HP SSDs fail after 32768 hours of operation due to critical bug

Discussion in 'Technical' started by sec_monkey, Nov 28, 2019.


  1. sec_monkey

    sec_monkey SM Security Administrator

    HP SSDs fail after 32,768 hours of operation due to critical bug

    HPE Support document - HPE Support Center

    Hardware Platforms Affected: HPE Synergy 480 Gen9 Compute Module, HPE Synergy 660 Gen9 Compute Module, HPE 400GB 12G SAS Mixed Use-3 SFF 2.5-in SC 3yr Wty MO0400JFFCF Solid State Drive, HPE 800GB 12G SAS Mixed Use-3 SFF 2.5-in SC 3yr Wty MO0800JFFCH Solid State Drive, HPE 1.6TB 12G SAS Mixed Use-3 SFF 2.5-in SC 3yr Wty MO1600JFFCK Solid State Drive, HPE 3.2TB 12G SAS Mixed Use-3 SFF 2.5-in SC 3yr Wty MO3200JFFCL Solid State Drive, HPE 480GB 12G SAS Read Intensive-3 SFF 2.5-in SC 3yr Wty VO0480JFDGT Solid State Drive, HPE 960GB 12G SAS Read Intensive-3 SFF 2.5-in SC 3yr Wty VO0960JFDGU Solid State Drive, HPE 3.84TB 12G SAS Read Intensive-3 SFF 2.5-in SC 3yr Wty VO3840JFDHA Solid State Drive, HPE Synergy 620 Gen9 Compute Module, HPE Synergy 680 Gen9 Compute Module, HPE ProLiant XL270d Gen9 Server, HPE D6020 Disk Enclosure, HPE StoreVirtual 3000 Storage, HPE D8000 Disk Enclosures, HPE ProLiant SL230s Gen8 Server, HPE ProLiant BL460c Gen8 Server Blade, HPE ProLiant BL465c Gen8 Server Blade, HPE ProLiant DL160 Gen8 Server, HPE ProLiant BL420c Gen8 Server Blade, HPE ProLiant DL320e Gen8 Server, HPE ProLiant WS460c Gen8 Graphics Server Blade, HPE ProLiant BL660c Gen8 Server Blade, HPE ProLiant DL560 Gen8 Server, HPE D6000 Disk Enclosure, HPE StoreEasy 1000 Storage, HPE D2220sb Storage Blade, HPE ProLiant SL210t Gen8 Server, HPE StoreVirtual 4335 Hybrid Storage, HPE ProLiant DL580 Gen8 Server, HPE D3000 Disk Enclosures, HPE ProLiant DL160 Gen9 Server, HPE ProLiant DL180 Gen9 Server, HPE ProLiant DL360 Gen9 Server, HPE ProLiant BL460c Gen9 Server Blade, HPE ProLiant DL380 Gen9 Server, HPE ProLiant ML350 Gen9 Server, HPE ProLiant XL230a Gen9 Server, HPE ProLiant DL388 Gen9 Server, HPE ProLiant DL120 Gen9 Server, HPE ProLiant WS460c Gen9 Graphics Server Blade, HPE ProLiant DL580 Gen9 Server, HPE ProLiant BL660c Gen9 Server Blade, HPE ProLiant DL560 Gen9 Server, HPE Apollo 4200 Gen9 Server, HPE Apollo 4500 System, HPE ProLiant XL450 Gen9 Server


    @melbo

    @Lancer

    @VisuTrac
     
    techsar likes this.
  2. VisuTrac

    VisuTrac Ваша мать носит военные ботинки Site Supporter+++

    2^15?? hmm, sounds like they were keeping one of the powers in reserve.
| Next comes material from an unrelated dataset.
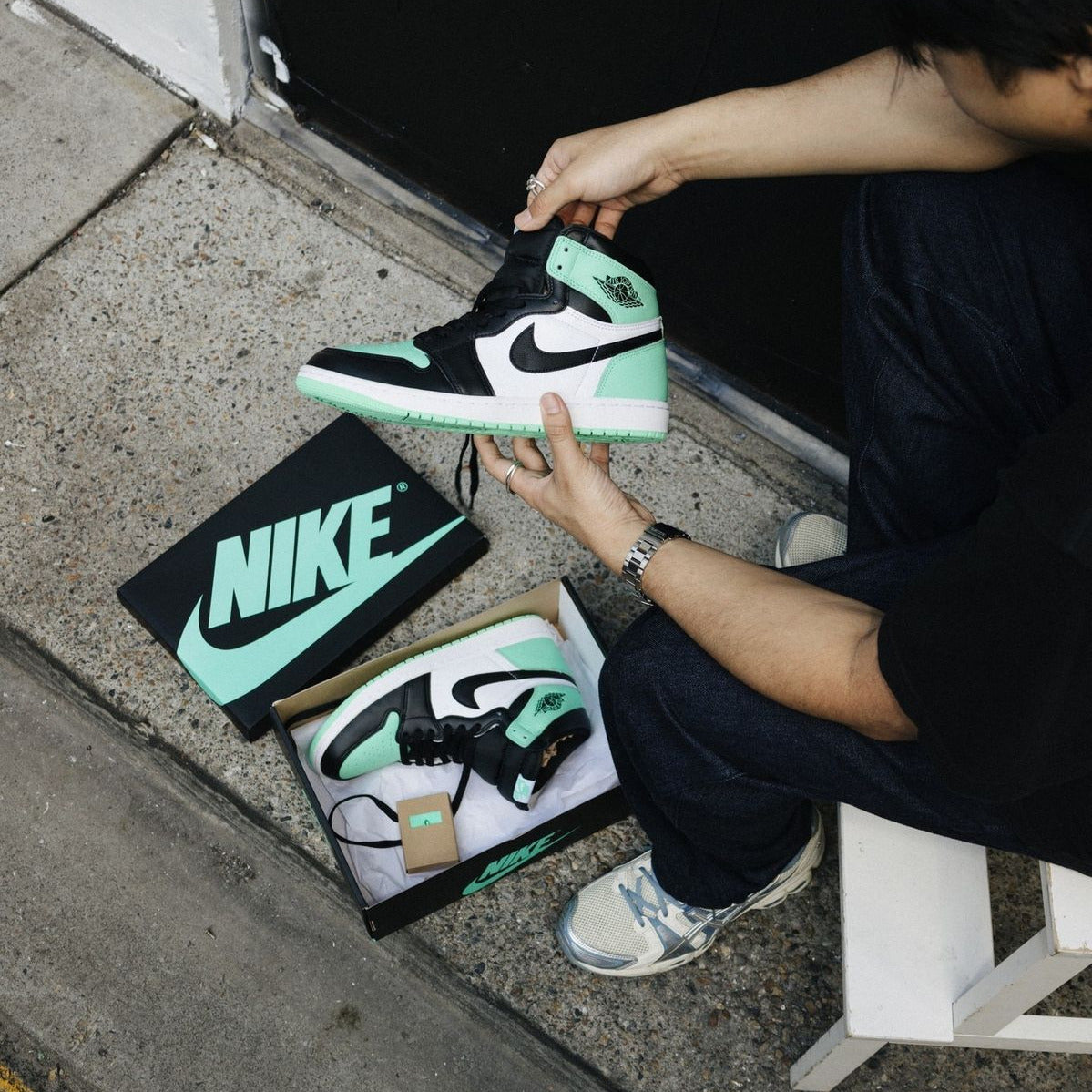 This is the legend, seen through a digital lens. The Air Jordan 1 High "Green Glow" is a tribute to the high-tech, modern world, a shoe that takes a classic color blocking and gives it an electric, futuristic soul.

Not a bug but rather a feature ;)
     
  3. sec_monkey

    sec_monkey SM Security Administrator

    It is actually 2^16 .. .. a signed 16bit integer .. ..

    -32768 to 32767
     
    VisuTrac likes this.
  4. oil pan 4

    oil pan 4 Monkey+++

    Does turning it off and back on at around 30,000 hours fix it?
     
    sec_monkey likes this.
  5. BTPost

    BTPost Stumpy Old Fart,Deadman Walking, Snow Monkey Moderator

    not likely... It is a firmware issue with the drive hardware...
     
    sec_monkey likes this.
  6. sec_monkey

    sec_monkey SM Security Administrator

    negative. the only known fixes are to upgrade the firmware and pray it does not break things or replace the affected drives with new drives from another vendor. in the meantime the only workaround is to ensure there are frequent backups of the data on the affected drives and the backups have to be stored on reliable drives that are not affected by this firmware bug. and better yet external drives from other vendors.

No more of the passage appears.